RecBlast is a module that provides a Reciprocal searching framework for finding homologues of sequences between a query species, and a list of target species. RecBlast is designed to be flexible by allowing the user to customize each step of the pipeline, from the forward and reverse search algorithms, to the sequence database for hits. The output of the search is also highly customizable, and can be set to either provide 1:1 Best-Hits or 1:Many hits. The package is written in a modular, parallelized fashion to maximize search efficiency while also allowing for easy additions and modifications to the pipeline.
- Reciprocal searching of any number of sequences between a query species and any number of target species
- Runs on multiple cores
- Uses either BLAT or BLAST for the searches, with room for other options such as HMMER
- Local or remote search host options
- Can use FASTA files, BLAT or BLAST databases, SQL databases, or Ensembl for sequence retreval
The core of the module is the RecSearch object, which organizes the various settings for the reciprocal search. After initializing it with the target and query species, the search types, and the sequence source, one can then change the criteria for the searches or change advanced settings.
from RecBlast.RecBlast import RecSearch
# Initialize the RecSearch Object
# We are using protein sequences from Humans to query the African Elephant genome,
# using BLAT as the algorithm, and obtaining results from the twobit file.
recblast = RecSearch(target_species="Loxodonta africana", query_species="Homo sapiens",
forward_search_type="tblat", reverse_search_type="blat-transcript",
sequence_source="twobit", verbose=0)
# Read query sequences from a FASTA file
recblast.set_queries("Test/query/3protein.fasta", infile_type="fasta")
# For the forward BLAT search, set 'database' to the loxAfr 2bit file
# RecSearch will by default automatically search for a 2bit file otherwise.
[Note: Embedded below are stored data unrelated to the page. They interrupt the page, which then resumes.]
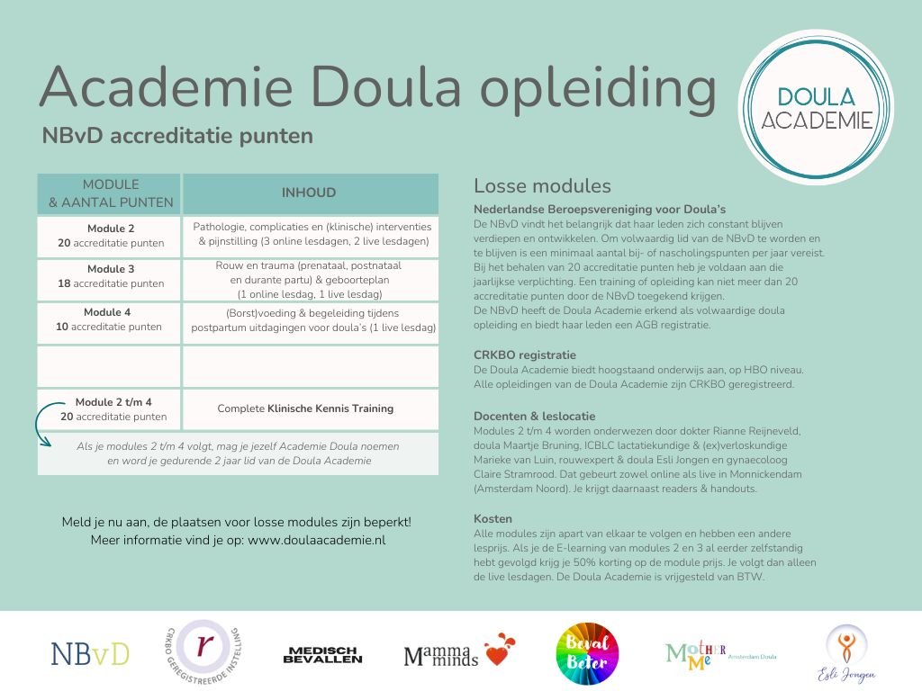 In 2024 hebben we de geboorte doula opleiding vernieuwd en een arts en een gynaecoloog aan ons docenten team toegevoegd. We zijn trots op onze hybride onderwijsvorm, waarmee je thuis op je eigen tempo studeert en tijdens de live lesdagen direct praktisch aan de slag kan! Daarnaast zijn we erkend als CRKBO geregistreerde instelling dus onze prijzen zijn niet alleen vrijgesteld van BTW maar jij hebt ook de garantie dat we ons onderwijs op hoog niveau aanbieden. Na het afronden van tenminste modules 2 t/m 4 van de Academie Doula Opleiding mag jij jezelf klinische doula noemen!
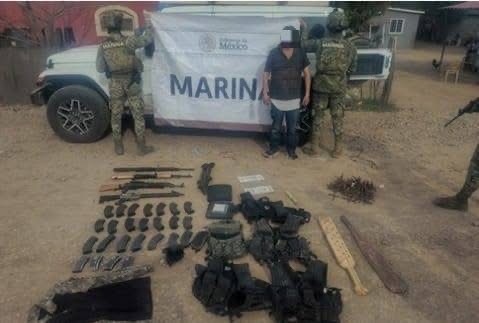 MAZATLÁN, Sin. – La Secretaría de Marina, a través de la Armada de México, por conducto de la Cuarta Región Naval, informa que en días pasados, personal naval detuvo a un presunto infractor de la ley y aseguró un vehículo, presunta droga, armas y equipo táctico en el estado de Sinaloa.
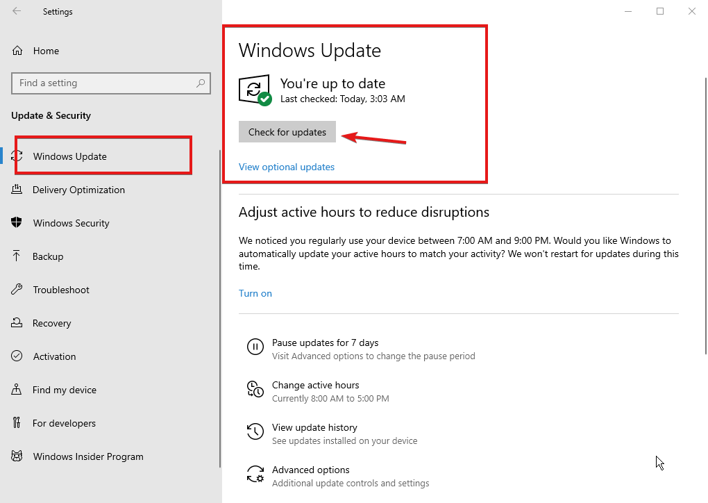 - 选择Windows 更新并单击检查更新。
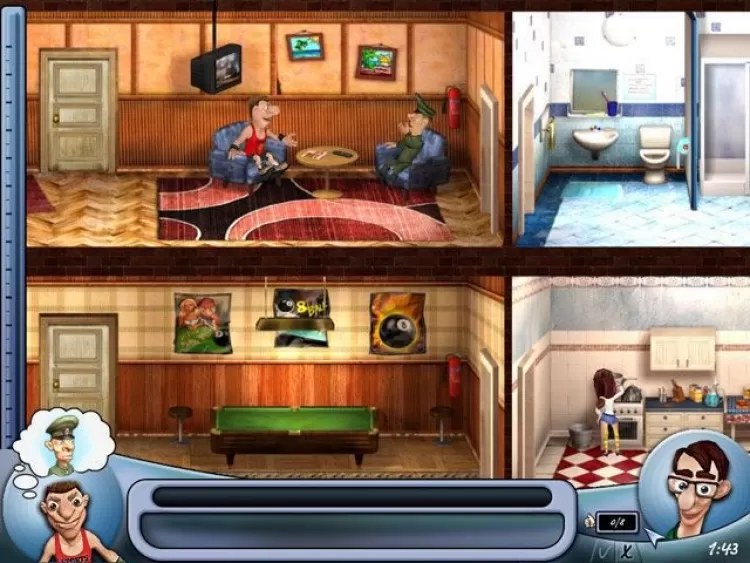 Еще одним важным тактическим моментом является скрытность. Следите за передвижениями вашего сожителя и старайтесь не встретиться с ним в узком коридоре. Такое столкновение может кончиться не в вашу пользу, что в условиях обострившегося конфликта совершенно неприемлемо. Чтобы ненавистный сосед прочувствовал ваш праведный гнев во всей полноте, старайтесь подстраивать ловушки так, чтобы они сработали одна за другой. Череда пакостей способна кого угодно довести до белого каления! В этой игре вас ждет отличная графика и несколько захватывающих уровней, пронизанных студенческим юмором. Если вы хотите освежить в памяти годы боевой славы или наоборот узнать, что значит быть студентом, эта аркада вам обязательно подойдет.
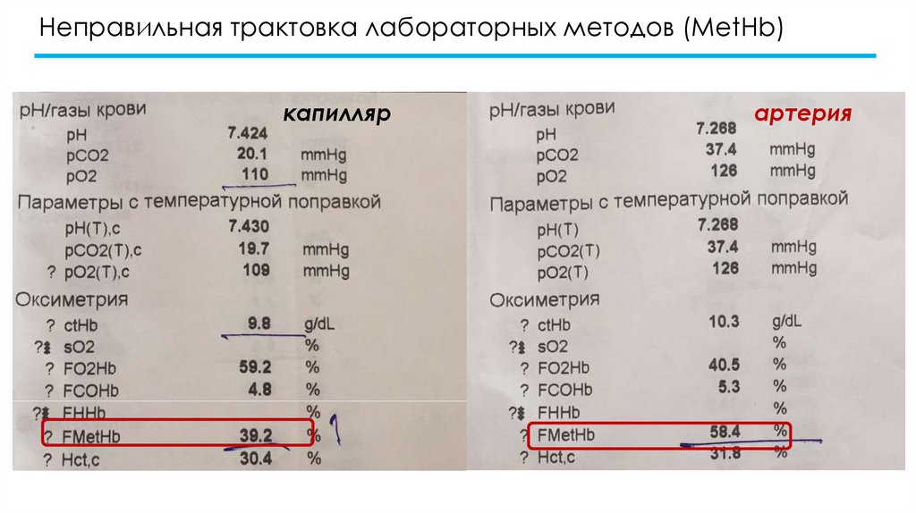 Неправильная трактовка лабораторных методов (MetHb)капилляр
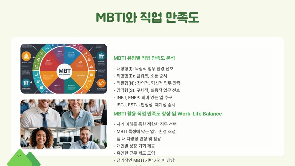 MBTI는 개인의 성격 유형을 기반으로 다양한 직업을 추천하는 데 유용한 도구입니다. 특히 2025년에는 변화하는 직업 시장과 기술 발전으로 인해 각 성격 유형에 맞는 직업 선택이 더욱 중요해질 것입니다. 이번 포스트에서는 다양한 MBTI 유형에 적합한 직업을 추천해드리겠습니다.
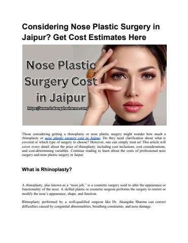 Those considering getting a rhinoplasty or nose plastic surgery might wonder how much a rhinoplasty or nose plastic surgery cost in Jaipur. Do they need clarification about what is covered or which type of surgery to choose? However, one can simply trust us! This article will cover every detail about the price of rhinoplasty, including cost inclusions, cost considerations, and cost-determining variables. Continue reading to learn about the costs of professional nose surgery and nose plastic surgery in Jaipur.
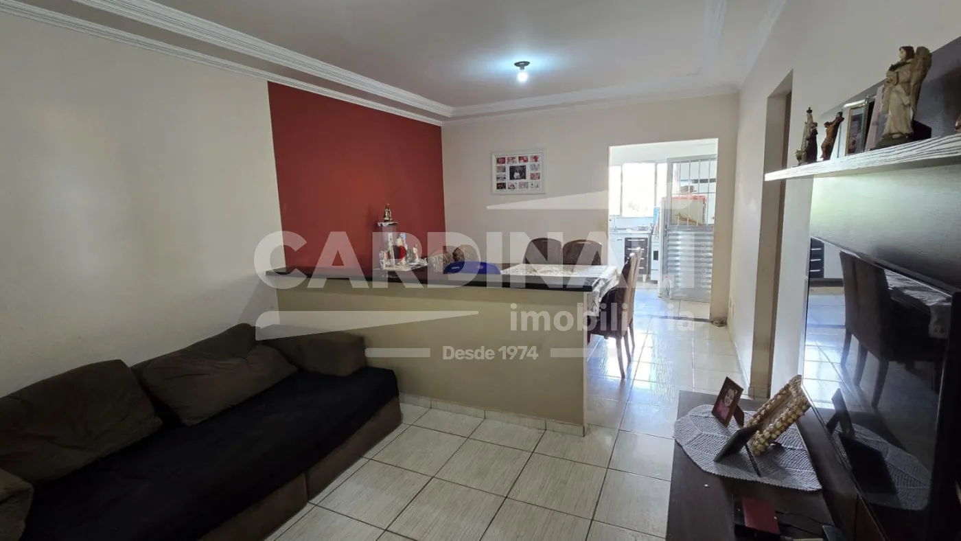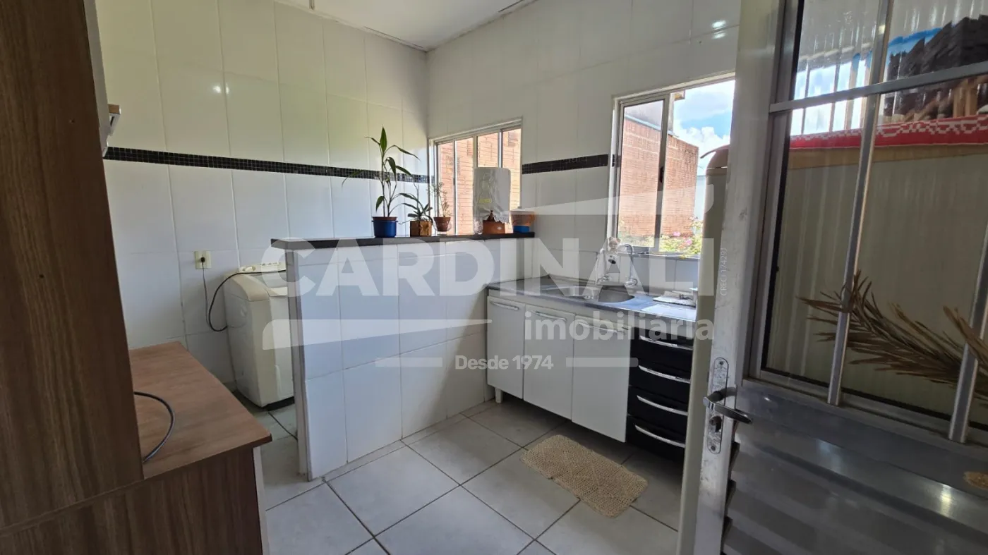 Casa possui 2 dormitórios, 1 banheiro, sala de estar e jantar, cozinha, lavanderia, amplo quintal gramado, 1 banheiro externo e vagas de garagem cobertas para 2 carros. Acabamento em piso frio na casa toda.

recblast.forward_search_settings['database'] = {"Loxodonta africana": "loxAfr3.2bit"}
# For the forward and reverse BLAT searches, set the ports of the gfServer for each species
# By default, it looks for the server at localhost, but it can also be remote if one wishes
recblast.forward_search_settings['database_port'] = {"Loxodonta africana":20008}
recblast.reverse_search_settings['database_port'] = {"Homo sapiens":20005}
# Obtain the sequence for the forward hit from the twobit file.
recblast.sequence_source_settings['database'] = {"Loxodonta africana": "loxAfr3.2bit"}
The search is then initialized by running the object, and will return a RecBlastContainer object with all the results and intermediary outputs.
rc = recblast("Example", output_type="BED)
The script begins by initializing various RecSearch worker processes, one for each
species-sequence pair, up to a mutable maximum limit (by default, it is half the number of
CPUs detected by multiprocess
). Once initialized, each RecSearch process executes the
following protocol:
- Forward Search of the given sequence against the target species database;
- Filter hits based on given parameters;
- Get the full-length sequences of all filtered hits;
- Reverse Search each filtered hit against the query species database;
- Filter reciprocal hits based on given parameters;
- Annotate hits using the filtered, sorted reciprocal hits.
The module has its own function, simply called blast(), that handles the search functionality and calls to BLAST. In addition to being able to specify whether to use a local BLAST installation or NCBI's servers, both the Forward and Reverse BLAST calls take a dictionary parameter, fw_blast_kwargs and rv_blast_kwargs, respectively, that can be used to modify the two searches independently.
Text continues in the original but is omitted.